We have a couple of options:

  1. we fix the above using an artifact with version >= 0.0.115, cleaning up in the refinery repo the old jars that we don't need. This will avoid any scap/git-fat deployment issue, and it will not require an immediate restart of any job (since the ones running will keep referencing the HDFS version of refinery that they "link" to, containing the old jars needed).
  1. we roll back /var/lib/archiva from Bacula (need to verify but should be possible), restoring the state before the deletes but possibly loosing artifacts uploaded in the past two days (should be something relatively easy to check between us and Search..)

I'd prefer to do 1), even if a little bit more tedious, since it will give us an excuse to purge old jars and verify that our jobs still work with the new versions.
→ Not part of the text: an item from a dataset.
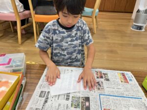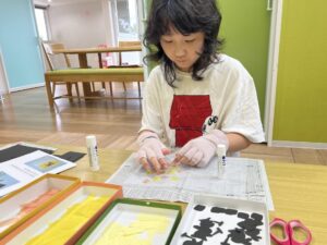 まずはトレーシングペーパーを半分に折り、片面全体に、ちぎったお花紙や折り紙を貼って行きます。

I don't see a lot of risks in doing this (and I expect little problems) but the team as a whole should make the call.

Really sloppy mistake, sorry :(

Nuria added a comment.Jun 11 2020, 6:04 PM

There is a 3rd option, right? we get all the older jars we are missing from HDFS and upload them to archiva. In that scenario: 1) no job re-starts are needed 2) no code changes are needed. Does this seem like a viable option?
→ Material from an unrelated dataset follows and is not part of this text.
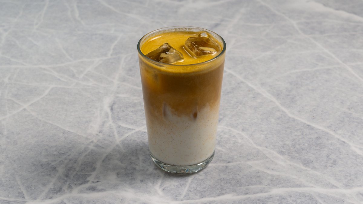 Mε matcha , γάλα βρώμης, ube και αγαύη

I wouldn't go for option 2, as the rollback is really making us going backward (less available space, no cleanup etc).
About options 1 and 3 I prefer 1 for two reasons

  • Enforced cleanup (archiva, our code etc
  • Faster/easier deploys of refinery with scap - the reason the deployment of refinery is so slow is because every time it dowloads all the referenced jars from archiva, in every host (last time I did it it took more than 20minutes and there was a failure on a host due to disk full). I really think it's a good idea to move toward retaining less historical jars in refinery.

While I'd happily triple check non-changes between versions of used-code from jobs/jar, in order to mitigate potential errors, I see the breaking potential of updating jar versions, and Id be ok reuploading only the needed ones.

Change 605167 had a related patch set uploaded (by Elukey; owner: Elukey):
[analytics/refinery@master] oozie: move cassandra config to refinery-cassandra-0.0.115

https://gerrit.wikimedia.org/r/605167

Change 605168 had a related patch set uploaded (by Elukey; owner: Elukey):
[analytics/refinery@master] oozie: move cassandra config to use refinery-hive-0.0.115.jar

https://gerrit.wikimedia.org/r/605168

Change 605169 had a related patch set uploaded (by Elukey; owner: Elukey):
[analytics/refinery@master] oozie: use refinery-hive-0.0.115.jar in cassandra hql files

https://gerrit.wikimedia.org/r/605169

Change 605170 had a related patch set uploaded (by Elukey; owner: Elukey):
[analytics/refinery@master] oozie: update refinery-job jars for mediawiki history coordinators

https://gerrit.wikimedia.org/r/605170

Change 605171 had a related patch set uploaded (by Elukey; owner: Elukey):
[analytics/refinery@master] oozie: update refinery-hive jar for unique_devices per project fam coordinators

https://gerrit.wikimedia.org/r/605171

Change 605172 had a related patch set uploaded (by Elukey; owner: Elukey):
[analytics/refinery@master] oozie: update refinery-hive jar in insert_hourly_mediacounts.hql

https://gerrit.wikimedia.org/r/605172

Change 605173 had a related patch set uploaded (by Elukey; owner: Elukey):
[analytics/refinery@master] oozie: move remaining coordinator properties to use refinery-job 0.0.115

https://gerrit.wikimedia.org/r/605173

Change 605174 had a related patch set uploaded (by Elukey; owner: Elukey):
[analytics/refinery@master] Remove artifacts that are not needed anymore.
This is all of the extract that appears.